During the first rounds of clustering, the CAST threshold and score
criteria are gradually altered as the rounds proceed, and clusters
formed in these first rounds are considered "high confidence
clusters". During the later CAST clustering rounds, the CAST
threshold values and score criteria are gradually altered, as well
as the reduced "probe span" requirement compared to the first
rounds of clustering. Most if not all of the clusters produced in
these later rounds tend to be of lower quality, and are considered
"moderate confidence clusters."
[0086] Specific events that are carried out in the cluster analysis
of event 80 generally include prefiltering of data for dye-biased
probes, generation of an expression matrices, calculation of a
"Similarity Matrix", as well as the actual clustering of probes
using CAST. These specific operations are described below.
[0087] Prefiltering of Data for Dye-Biased probes
[0088] Prior to the initiation of cluster analysis, probes may be
"ear-marked" or otherwise identified if they exhibited dye-bias in
self vs. self hybridization experiments, using both log ratio and
P-value criteria. Probes that are marked as dye-biased are not
selected as final probes.
[0089] Generation of Expression Matrix
[0090] To generate an expression matrix, replicate log ratio values
for a given sample probe/tissue pair are combined using
error-weighted averaging. The combined log ratio data for candidate
probes designed to target a single gene are used to populate an
expression matrix I, where I.sub.ij is the measured expression
level of probe i in experiment (condition) j.
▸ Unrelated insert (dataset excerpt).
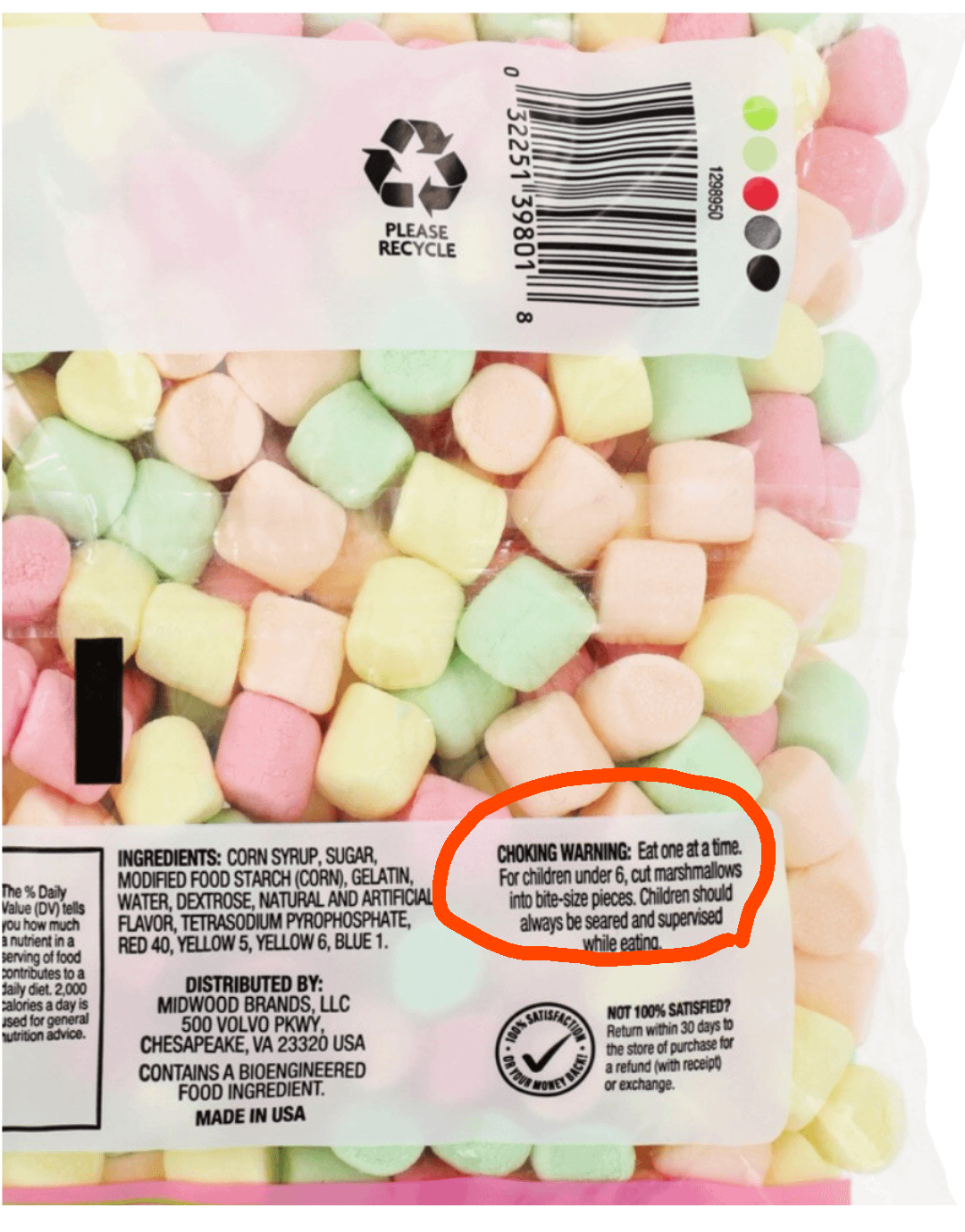 Marshmallows odd warning label

Only those probes
that exceed a user-specified signal threshold on at least one of
the combined test arrays are included in the expression matrix. The
size of the expression matrix required for robust analysis is
dependent on the similarity measure used in the clustering
algorithm. For example, the significance of the Pearson's
correlation coefficient depends on the number of experiments, and
an expression matrix consisting of at least 8 experiments is
preferred. Performance of the clustering algorithm does not depend
on the number of probes, since probes are assigned to clusters
based on the affinity to cluster. However, the number of probes
should be high enough to be representative of all possible probes
for the input (target) sequence.
[0091] Calculation of Similarity Matrix S
[0092] In a similarity matrix, the entry S.sub.ij represents the
similarity of the expression pattern for probes i and j. The
similarity measure used by CAST for this operation is independent
of the clustering mechanism. The Pearson's correlation coefficient
and the Kendall's rank correlation are examples of similarity
measures useful in the present invention.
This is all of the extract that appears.